1. Resistance: Retribution

Sony Bend has a habit of making great handheld versions of Sony's biggest console franchises, but years before they did it with Uncharted on the Vita, they did it with Resistance on the PSP. Resistance: Retribution is the best shooter available on the device, cramming Resistance's intriguing alternate history, creative array of weaponry and cool Chimera designs into a tidy portable package.
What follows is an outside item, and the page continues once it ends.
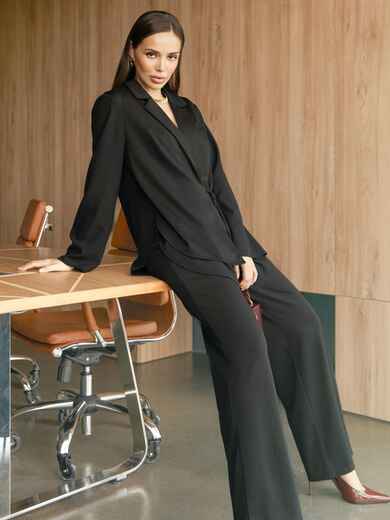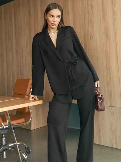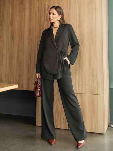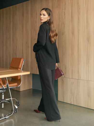 Оригінальний костюм-двійка. Верх з тканини Джерсі, з рукавами і внутрішньою частиною з креп-шифону, що формує багатошаровість. Фіксуються за допомогою зав'язок. Штани широкого крою. Еластичний пояс забезпечує зручність і практичність для носіння протягом дня. Для функціональності передбачені бічні кишені.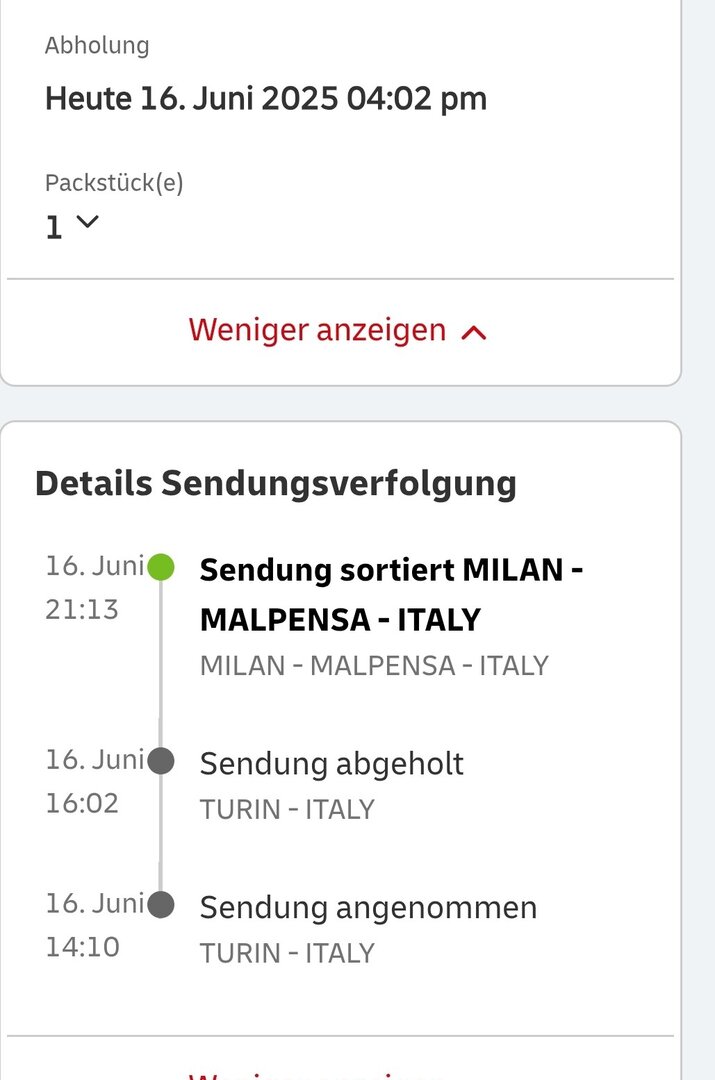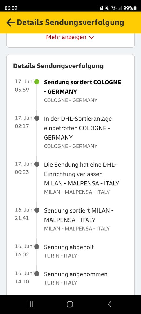Meins ging auch gestern in Italien raus. Allerdings nach Leipzig. Da ging es auch vorhin raus und tuckert wohl gerade die A9 runter nach Würzburg. Denke mal, dass am Nachmittag sollte es da sein.CallistoJaro schrieb:Das wird doch nicht wirklich Heute noch kommen..Noch 70km von mir entfernt ,wenn doch waren es 6Tage.Am 11.06 habe Ich bei Wondamobile bestellt ,versiegelt.

Taking place between the first two mainline PS3 games, this spinoff focused on Royal Marine James Grayson. After being forced to kill his own infected brother, Grayson is driven to breaking point and starts destroying Chimera conversion centres for sport. He gets so good at doing this that the game concludes with him and his allies wrecking the main Chimera tower in Paris, freeing Western Europe from the aliens. And while that's a happy ending overall, things don't end too well for Grayson himself.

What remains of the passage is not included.